To do = Your reply should consist only of the lines from the one holding "Kizz Daniel responded, encouraging" to the last line of the data below, written out exactly and without pictures.
*** Material provided ***
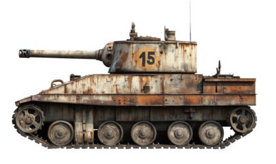 Rusty tank with number 15, weathered metal surface, visible tracks, military vehicle, side view, isolated on transparent background, png
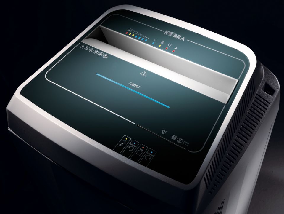 Profesionální skartovačka s dotykovým displejem, kde se všechny ovládací prvky aktivují pouhým dotykem panelu. Tepelná ochrana výkonného 2600 W motoru umožňuje 24 hodin nepřetržitého provozu bez přehřátí. Skartovač Kobra 410 TS S5 dokáže najednou skartovat až 72 listů v křížovém řezu 5,8 mm (P-2). Dokáže skartovat i průhlednou fólii. Vysoce odolný řetězový pohon s ocelovými převody a řezacími noži z tvrzené uhlíkové oceli, které nabízejí spolehlivost a odolnost proti opotřebení.Stroj je vybaven integrovaným automatickým mazacím systémem, EPC (elektronická regulace výkonu) pro optimalizaci skartování bez zaseknutí, systémem Energy Smart a automatickým odpojením od elektrické sítě pro maximální úsporu energie, automatickým Start&Stopem, bezpečnostním zastavením při otevření dveří a/nebo plném vaku s odpadem a automatický zpětný chod v případě zaseknutí. Robustní a velká kovová odpadní nádoba o objemu 205 litrů je umístěná na kolečkách.Možnost volitelného vybavení: oddělená řezací jednotka pro CD/DVD/kreditní karty (oddělení skartovaných materiálů do dvou odpadních nádob) a systém detekce kovů.Specifikace:
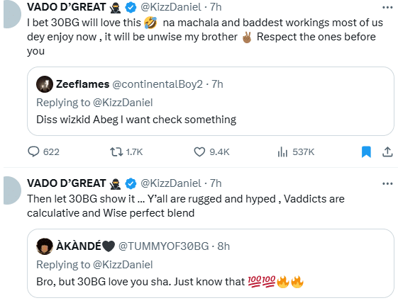 Kizz Daniel responded, encouraging fans to show their love tangibly: “Then let 30BG show it… Y’all are rugged and hyped, Vaddicts are calculative and wise, perfect blend.”
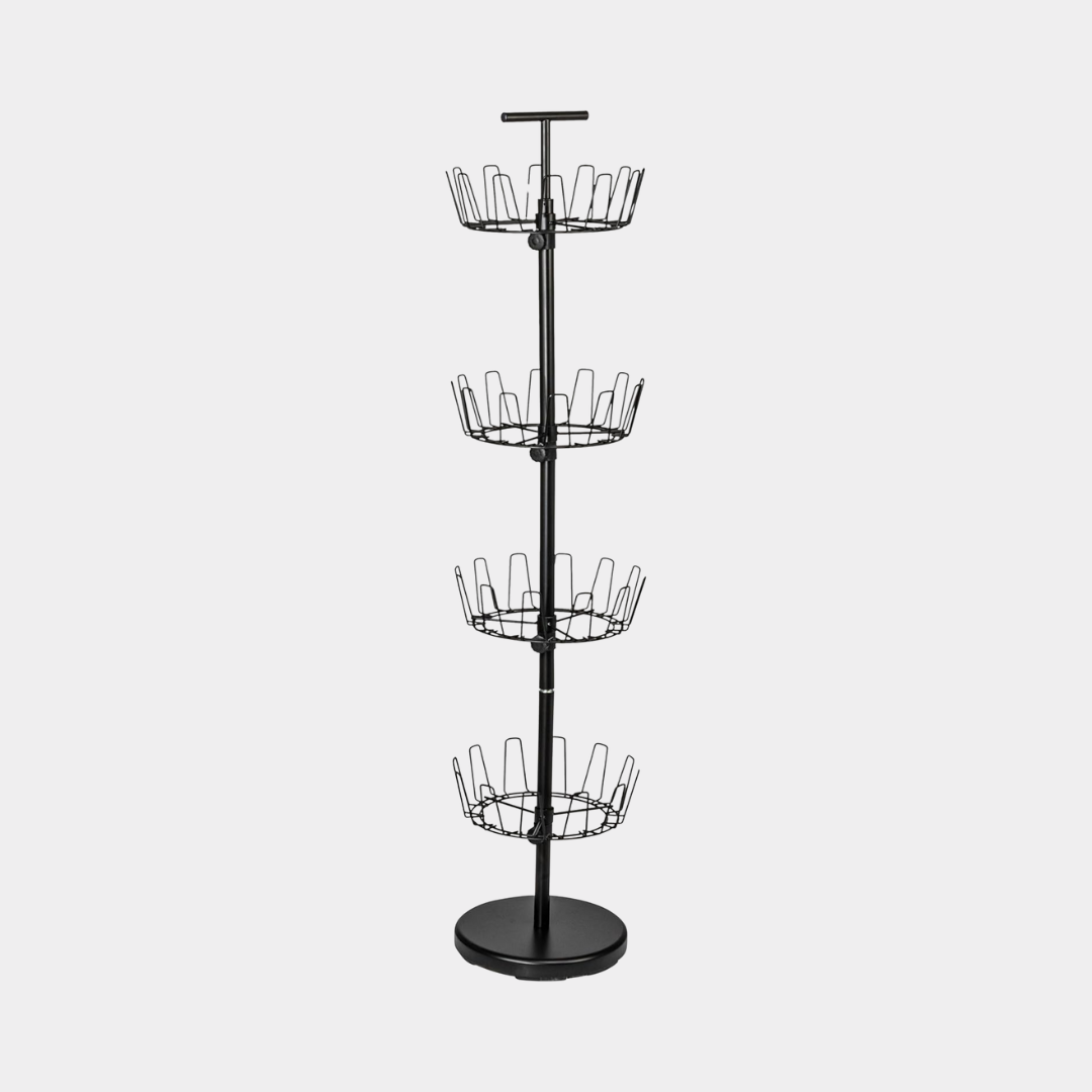 - Space-saving shoe tree stores 24-pairs of shoes on spinning shoe racks; invert racks to display high heels
*** End of Material provided ***
Worked solution =
 Kizz Daniel responded, encouraging fans to show their love tangibly: “Then let 30BG show it… Y’all are rugged and hyped, Vaddicts are calculative and wise, perfect blend.”
 - Space-saving shoe tree stores 24-pairs of shoes on spinning shoe racks; invert racks to display high heels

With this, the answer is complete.